DATA RECORDS:

=== Begin Enclosure ===

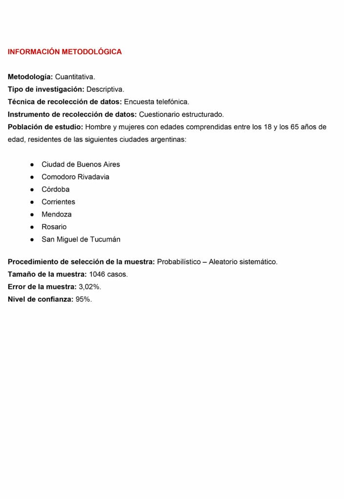 El marco muestral contempla encuestas a hombres y mujeres con edades comprendidas entre los 18 y los 65 años, residentes de 7 ciudades argentinas: Buenos Aires, Comodoro Rivadavia, Córdoba, Corrientes, Mendoza, Rosario y Tucumán.
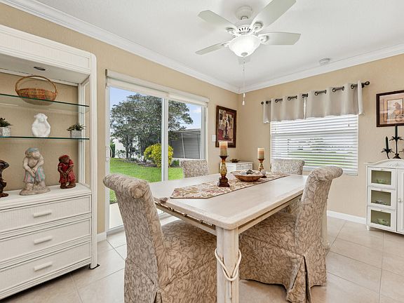 Spacious backviews from this lovely 2BR/2BA Edgewood model. Front porch with insulated roof and extra long double driveway. All windows replaced plus hurricane accordion shutters. Kitchen cabinetry all replaced plus extra cabinetry with extra counter space and pantry. Neutral tile thru out . Both baths remodeled. Ideally located walking distance to R3 and R2 Clubhouses with heated pools. Roof replaced 2010. A/C Replaced 2022. Electric Panel replaced 2020. Textured ceilings plus crown molding. Sliding glass doors out to back patio. Perfect spot for barbecuing and entertaining. Free 18-hole Par 3 golf course. Minutes to ocean beaches, I-95, restaurants and shopping. Furniture negotiable direct with owner. Paid up recreation lease in full.Available for quick close...A GEM
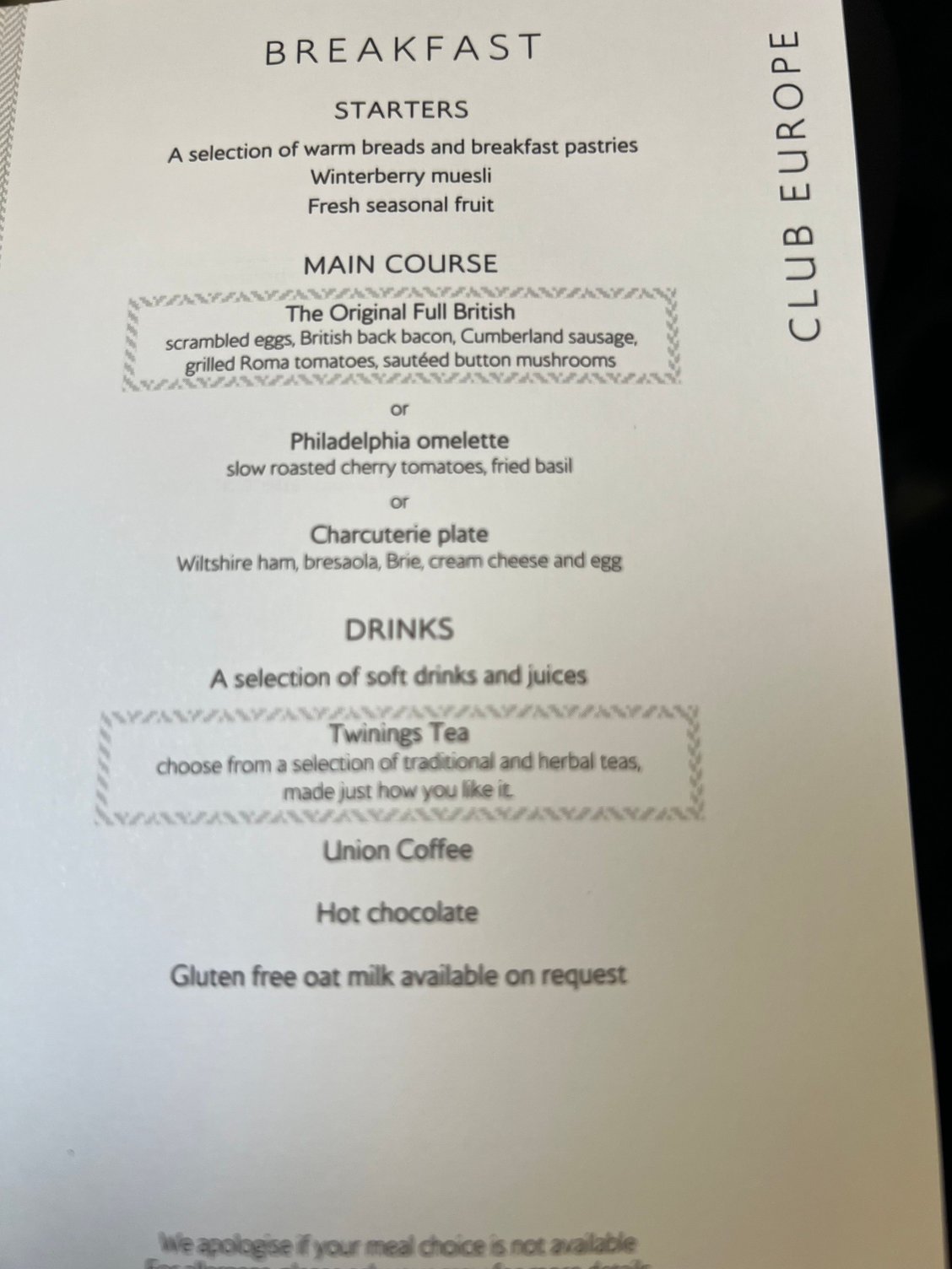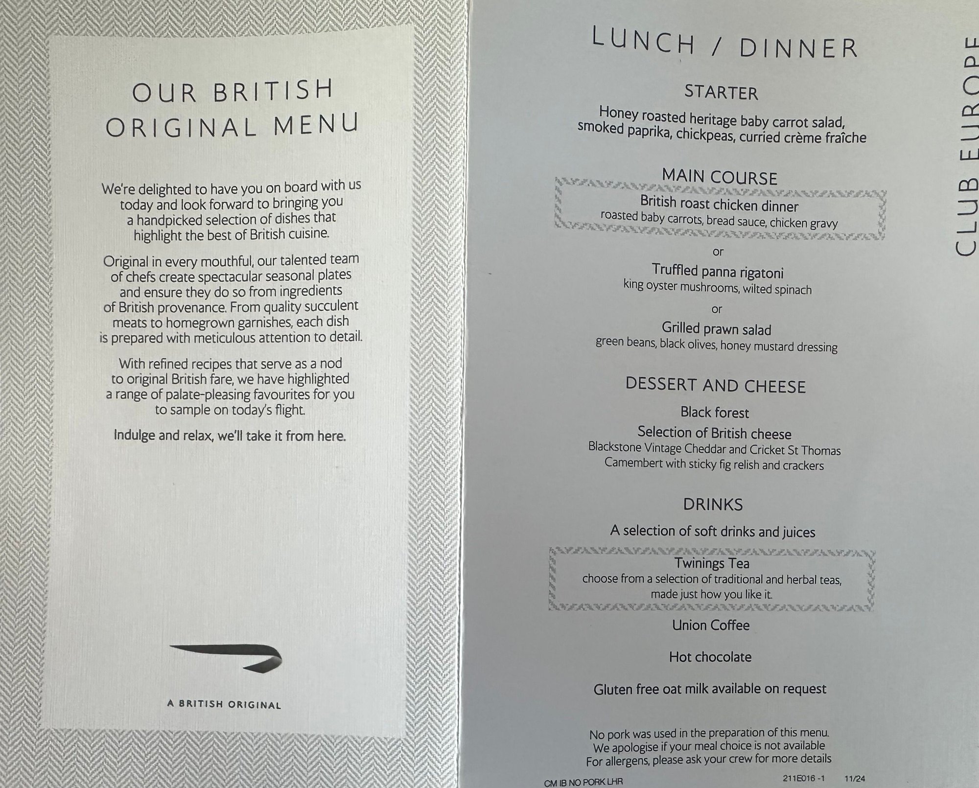 Club Europe catering | menus, reviews and photos (Mar 2022 to Dec 2023)
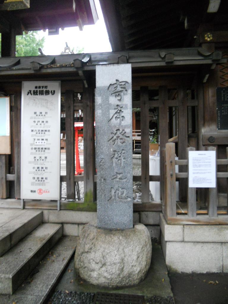 なぜか神社の境内に喫煙所があり、喫煙者のたまり場のようになっており、ちょっとびっくりしましたが、「寄席発祥の地碑」はしっかり見学&撮影(笑)。
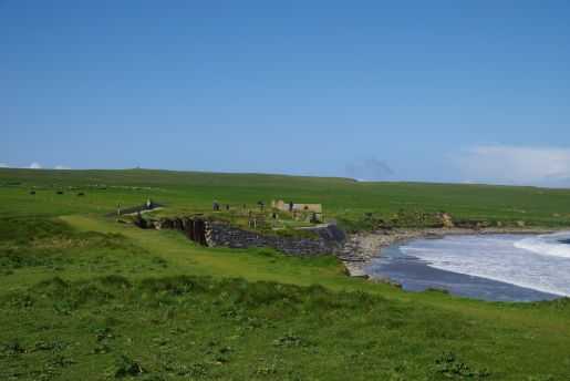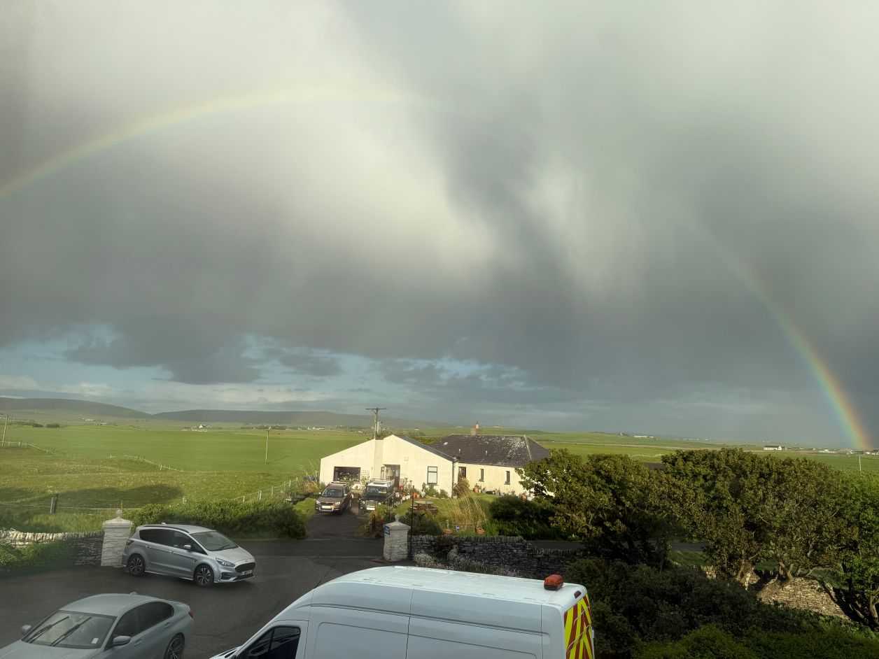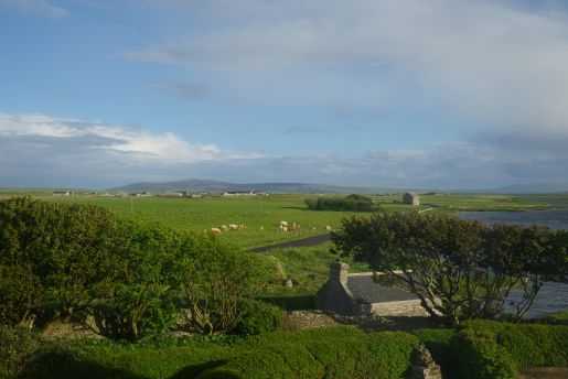 虹が出た頃から天気は好転。美しい田舎の風景が見渡せます。そして翌27日も快晴。午前9時ごろのホテルからの風景です。遠く左奥の地平線にはモイ島の山々が見えていますね。手前の湖は、ハレイ湖(Loch of Harray)です。そしてこの日午前に向かったのは、スカラブレイ(Skara Brae)です。なんと今から6000年以上前の居住跡がここにあります。午前9時半開館。ちょっと早く着きすぎてしまったため、風の吹く中、15分ほど待たなければなりませんでした。(続く)
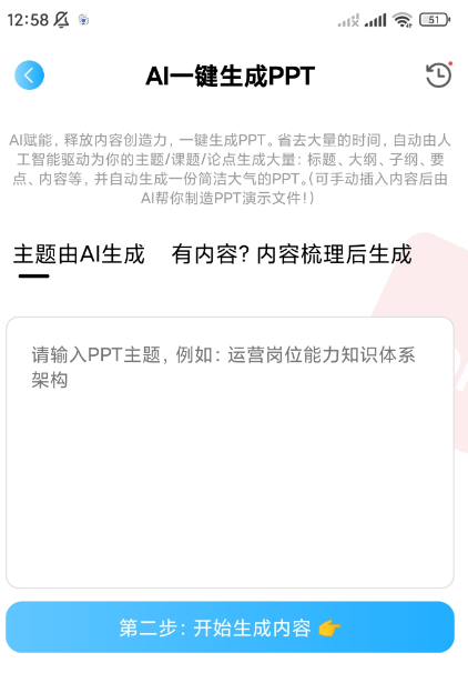 【官方介绍】:AI PPT是一款高效快速的PPT生成工具,能够一键生成符合相关主题的PPT文件,大大提高工作效率。生成的PPT内容专业、细致、实用。
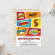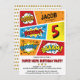 Fira din superhjälte med fantastisk födelsedagsfest inbjudan med all din party-information mot en tecknad som liknar en remsliknande bakgrund. Perfekt för barn som kärlek superhjälte och tecknad bokar.
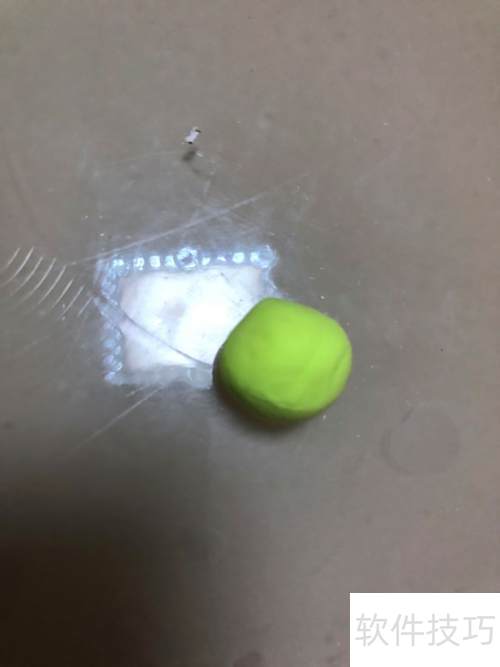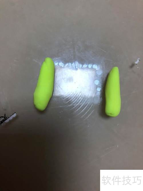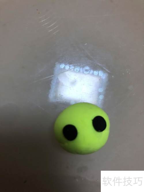 1、 取绿色彩泥搓成圆球,再用黑色彩泥搓两个小圆球贴在上面。

=== End Enclosure ===

PROBLEM DETAILS: Leave out the pictures, and give all the records again exactly.

WRITTEN SOLUTION:
 El marco muestral contempla encuestas a hombres y mujeres con edades comprendidas entre los 18 y los 65 años, residentes de 7 ciudades argentinas: Buenos Aires, Comodoro Rivadavia, Córdoba, Corrientes, Mendoza, Rosario y Tucumán.
 Spacious backviews from this lovely 2BR/2BA Edgewood model. Front porch with insulated roof and extra long double driveway. All windows replaced plus hurricane accordion shutters. Kitchen cabinetry all replaced plus extra cabinetry with extra counter space and pantry. Neutral tile thru out . Both baths remodeled. Ideally located walking distance to R3 and R2 Clubhouses with heated pools. Roof replaced 2010. A/C Replaced 2022. Electric Panel replaced 2020. Textured ceilings plus crown molding. Sliding glass doors out to back patio. Perfect spot for barbecuing and entertaining. Free 18-hole Par 3 golf course. Minutes to ocean beaches, I-95, restaurants and shopping. Furniture negotiable direct with owner. Paid up recreation lease in full.Available for quick close...A GEM
 Club Europe catering | menus, reviews and photos (Mar 2022 to Dec 2023)
 なぜか神社の境内に喫煙所があり、喫煙者のたまり場のようになっており、ちょっとびっくりしましたが、「寄席発祥の地碑」はしっかり見学&撮影(笑)。
 虹が出た頃から天気は好転。美しい田舎の風景が見渡せます。そして翌27日も快晴。午前9時ごろのホテルからの風景です。遠く左奥の地平線にはモイ島の山々が見えていますね。手前の湖は、ハレイ湖(Loch of Harray)です。そしてこの日午前に向かったのは、スカラブレイ(Skara Brae)です。なんと今から6000年以上前の居住跡がここにあります。午前9時半開館。ちょっと早く着きすぎてしまったため、風の吹く中、15分ほど待たなければなりませんでした。(続く)
 【官方介绍】:AI PPT是一款高效快速的PPT生成工具,能够一键生成符合相关主题的PPT文件,大大提高工作效率。生成的PPT内容专业、细致、实用。
 Fira din superhjälte med fantastisk födelsedagsfest inbjudan med all din party-information mot en tecknad som liknar en remsliknande bakgrund. Perfekt för barn som kärlek superhjälte och tecknad bokar.
 1、 取绿色彩泥搓成圆球,再用黑色彩泥搓两个小圆球贴在上面。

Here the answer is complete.